Day 114 / Running

I got a run in today. It has been weeks since I last ran. I run only a couple of miles at most when I get the chance. I don’t have the time or energy to do much more than that, but I love it. I wish I had the discipline to run more consistently.

I love being outside, feet to the ground, my iPhone playing my favorite tunes. No demands. No needs. No wants. No deadlines. No obligations. Just me and my running shoes and my music. It’s heavenly. I’m thankful for running.

Day 111 / No Plans

We have no plans whatsoever this weekend – Thank God!! I finally get to catch up on some housework, some organizing, and some general laziness. What I look forward to most is catching up on on my entertainment rags and catalogs. I’ve never been so excited about and thankful for having no plans!!

IMG_3817.JPG

Day 110 / Being a Woman in Financial Services

I went to a networking event after work today for women in the financial services industry. I’m pretty introverted, so for me to voluntarily attend the event was a surprising effort. I’ve always appreciated my career in financial services, but tonight’s meeting made me feel that much more grateful for it.
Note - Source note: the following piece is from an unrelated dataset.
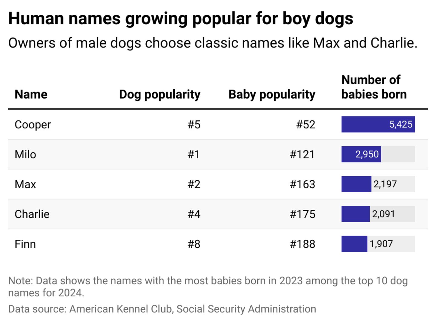 Of the top 100 names for boy dogs, 92 appeared on the SSA's list of popular boy names. (Exceptions include Moose, Smokey, Tank, Whiskey, Oreo, Bandit, Goose, and Coco).

I enjoy helping people. And through my career, I am able to help people on so many levels. That is what is most rewarding about it. Tonight, I met several women who share the exact same feeling. They strive to help their clients protect their families and their assets and achieve their financial goals.

The gap between women and men in this industry is still pretty wide. So it’s inspiring to me to bear witness to the successful careers of female financial advisors. While my role is managerial, I was an advisor for a brief time and know full well how challenging it is to build a business as an advisor. And therefore, I have a tremendous appreciation for those who have maintained a successful practice – especially women. I’m honored and grateful just to work among them.

Day 109 / Ava’s Day Care

I’m sure many working moms can agree that leaving your child or children for ten or more hours a day to go to work is a guilt-riddling, anxiety-inducing necessity.
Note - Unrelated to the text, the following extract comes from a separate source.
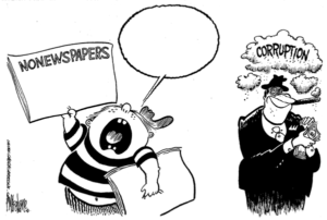Mike’s cartoons were timely, and they reflected the gifts in his hand, his heart and his brain — his artistic talent, his humanity and his fierce, nurtured sense of right and wrong, all of them working together at the drafting board to produce a witty, often stinging take on a news story, a controversy or political development. Sometimes his subjects were local, sometimes national or international. They were almost always provocative and often hilarious, and sometimes word reached the newsroom about a politician or business owner, or perhaps a posse of Evening Sun readers, who had taken great offense at a Lane cartoon and taken the matter up with the publisher.

When Alexa was in day care, she cried almost every day. I can’t tell you how many times I cried on my way to work after just having left her sobbing at the classroom door and calling “Mommy”. It was brutal. I almost want to cry just thinking about it now.

Fast forward to about eighteen years later, Ava’s been in day care since she was six weeks old, and she has always loved it. In the past four years, she’s cried just a few times when being dropped off. In fact, I’ve had far more separation anxiety than she ever has.

Ava has been at her current day care since she was just a little over a year old, and she loves it. The staff is so warm and nurturing. Everyone there knows her. And true to her character, Ava walks around like she owns the place. I’ve never felt so much confidence and security in my child’s care. I’m so grateful for it.

Day 106 / My Family’s Love

Today was a tough day.  This morning, my Mom, my sister and her family and my brother and I all went to mass together for the All Souls Day celebration.  I’ve been missing Daddy so much lately.  Being in “Daddy’s church”, where he ministered and was very much a part of the church family, made my sadness surface uncontrollably and I sobbed in my mom’s arms soon after mass was over.  I felt Daddy everywhere in that church.  His spirit was all around me and it made me miss him that much more.

After mass, we made our way to the cemetary to visit Daddy.  As soon as we arrived, again, I felt him everywhere – in the trees, in the wind.  I broke down again as I put my hand to his name on the mausoleum wall.

As sad as the day was, I was so thankful to be surrounded by my mom, sister, and brother.  I felt full of their love as my mom held me tight and as my sister and brother rubbed my back as I cried.  It got me through the day and I could not be more grateful for that.

IMG_3791.JPG

Day 105 / Going to Pearland

It’s tough. On one level, I look forward to going to Pearland and seeing my Mom and brother and visiting Daddy. And yet, on another level, it’s painful.

When I’m in Austin, I go through the motions of my life with Donovon and the girls, our family and friends there, and work. I don’t feel as connected to Daddy when I’m there as I do when I’m in Pearland. Daddy’s life was in Pearland. When we would come to visit, he’d always greet us with so much excitement and enthusiasm. He would even call us on our drive to the house to find out exactly when he could expect us to arrive. He loved our visits, and I always looked forward to his warm welcome, his embrace, and his awe over how much Alexa, and later on Ava, had grown.

As I was driving toward the city today, it hit me how I wasn’t going to be greeted by him. It hurt. I miss him so much. At the same time, I still look forward to coming to Pearland. This is where I feel connected to Daddy. As I sit in my parent’s house tonight, I feel him close by. I can even hear his laughter echo. And I feel his love more here than anywhere. Although it pains me to be here, it somehow also gives me peace. I’m so grateful for that.

God I miss you, Daddy, but I’m so thankful to feel you nearby.